In the PHH decision, the D.C. Court of Appeals panel ruled that the CFPB’s single-director, “removable-only-for-cause,” structure was unconstitutional. To remedy the constitutional defect, the court struck the “removal-only-for-cause” provision from the Dodd-Frank Act. In doing so, the court determined that the President “now has the power to supervise and direct the Director of the CFPB, and may remove the Director at will at any time.” The court then opined that as a result of this court mandated structural change, the CFPB is no longer an “independent agency” and instead “now will operate as an executive agency.”
Congressman Hensarling wrote:
“As you may be aware, President Obama and past Presidents have issued several Executive Orders governing the rulemaking activities of executive agencies. Because some of these executive orders were advisory rather than mandatory for independent regulatory agencies, you and your staff may have been previously under the impression that these orders do not apply to the CFPB. However, the PHH decision makes clear that the Constitution requires that the CFPB be treated as an executive agency, and that the CFPB is not, and may no longer be considered to be, an independent regulatory agency. Consequently, it is also clear that Executive Orders applicable to executive agencies apply in full to the CFPB.” [Emphasis added by insideARM]
Congressman Hensarling’s letter then cites various Executive Orders that impose regulatory requirements on executive agencies. Among the Orders Hensarling raised are: Executive Order 12866: Regulatory Planning and Review Issued by President Clinton in October, 1993, Executive Order 12866 mandates that federal agencies “promulgate only such regulations as are required by law, are necessary to interpret the law, or are made necessary by compelling public need, such as material failures of private markets to protect or improve the health and safety of the public, the environment, or the well-being of the American people. In deciding whether and how to regulate, agencies must:Assess all costs and benefits of available alternatives, including the alternative of not regulating. Costs and benefits shall be understood to include both quantifiable measures (to the fullest extent that these can be usefully estimated) and qualitative measures of costs and benefits that are difficult to quantify, but nevertheless essential to consider. Further, in choosing among alternative regulatory approaches, agencies should select those approaches that maximize net benefits (including potential economic, environmental, public health and safety, and other advantages; distributive impacts; and equity), unless a statute requires another regulatory approach.

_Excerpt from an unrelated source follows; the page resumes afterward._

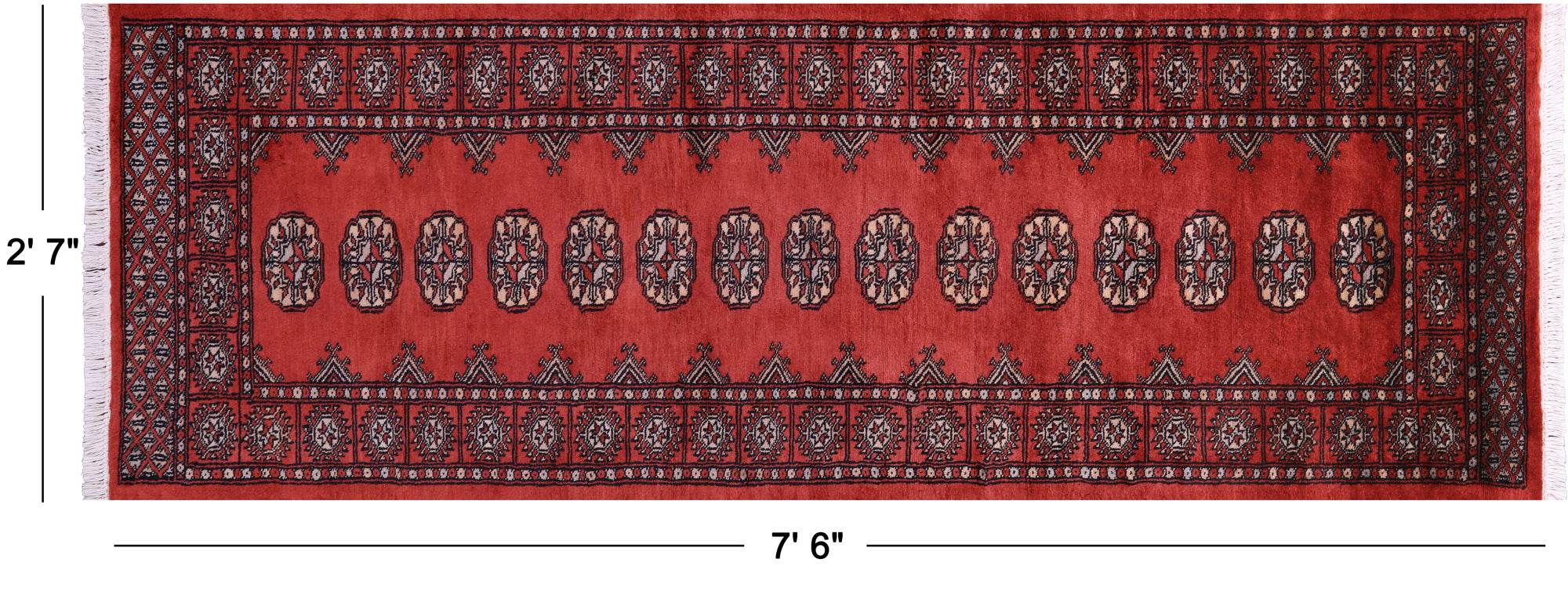 Rust 2' 7" X 7' 6" Runner Silky Bokhara Hand-Knotted Wool Rug - Q23770 is backordered and will ship as soon as it is back in stock.

Executive Order 13563: Improving Regulations and Regulatory Review Issued by President Obama in January 2011, Executive Order 13563 reiterates the general principals of Executive Order 12866 and says agencies must: (1) propose or adopt a regulation only upon a reasoned determination that its benefits justify its costs; (2) tailor regulations to impose the least burden on society; and (3) select regulatory approaches that maximize net benefits. The order also directs agencies to “use the best available techniques to quantify anticipated present and future benefits and costs as accurately as possible.” It also requires agencies to develop a plan under which they would periodically review their existing significant rules. In his letter, Mr. Hensarling asks Director Cordray to provide written assurance by October 26, 2016 “that the CFPB will comply in full with the requirements of the Executive Orders referenced in the letter prior to issuing any future final rule, including rules governing arbitration agreements; payday, vehicle title, and installment loans; and debt collection.” [Emphasis added by insideARM] insideARM Perspective It will be interesting to see Director Cordray’s response to Congressman Hensarling, assuming he provides a response at all. Congressman Hensarling’s letter raises issues that are very real to the ARM industry. They are issues that have been previously raised during the SBREFA process. The potential costs to agencies to comply with the CFPB’s Outline of Proposed Rules are significant, regardless of whether you are a still considered a small business or a large business. They are costs of the magnitude that could potentially cause businesses to close. The additional “cost/benefit” review required by the Executive Orders referenced by Congressman Hansarling may provide some additional consideration for all ARM participants. On the other hand, if the CFPB complies with these fairly general orders which are open to interpretation, it may do little other than prolong the rulemaking process.